Output, exactly and with no pictures, the line that contains "Using high-resolution Google" and every line that comes after it in the data below, the last one included.

§ **Information shown**:
%%
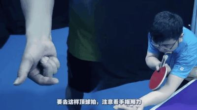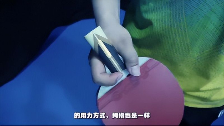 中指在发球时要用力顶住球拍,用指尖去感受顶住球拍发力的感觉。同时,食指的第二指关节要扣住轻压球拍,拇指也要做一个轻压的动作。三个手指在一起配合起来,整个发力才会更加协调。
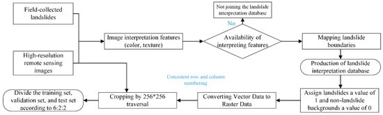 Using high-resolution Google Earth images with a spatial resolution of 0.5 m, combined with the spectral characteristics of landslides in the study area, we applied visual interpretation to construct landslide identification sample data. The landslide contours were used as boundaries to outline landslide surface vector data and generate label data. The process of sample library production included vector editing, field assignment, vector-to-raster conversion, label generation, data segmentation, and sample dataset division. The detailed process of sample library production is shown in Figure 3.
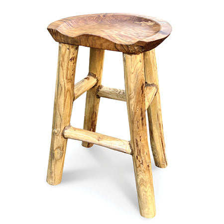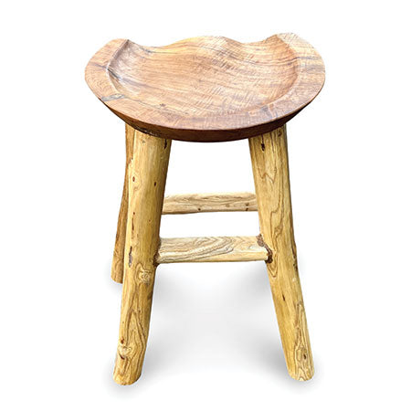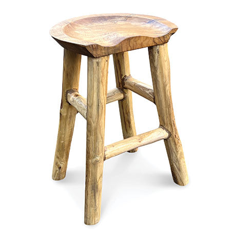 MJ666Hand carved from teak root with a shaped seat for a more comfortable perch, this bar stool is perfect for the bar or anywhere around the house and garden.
%%
§ **Exercise result**:
 Using high-resolution Google Earth images with a spatial resolution of 0.5 m, combined with the spectral characteristics of landslides in the study area, we applied visual interpretation to construct landslide identification sample data. The landslide contours were used as boundaries to outline landslide surface vector data and generate label data. The process of sample library production included vector editing, field assignment, vector-to-raster conversion, label generation, data segmentation, and sample dataset division. The detailed process of sample library production is shown in Figure 3.
 MJ666Hand carved from teak root with a shaped seat for a more comfortable perch, this bar stool is perfect for the bar or anywhere around the house and garden.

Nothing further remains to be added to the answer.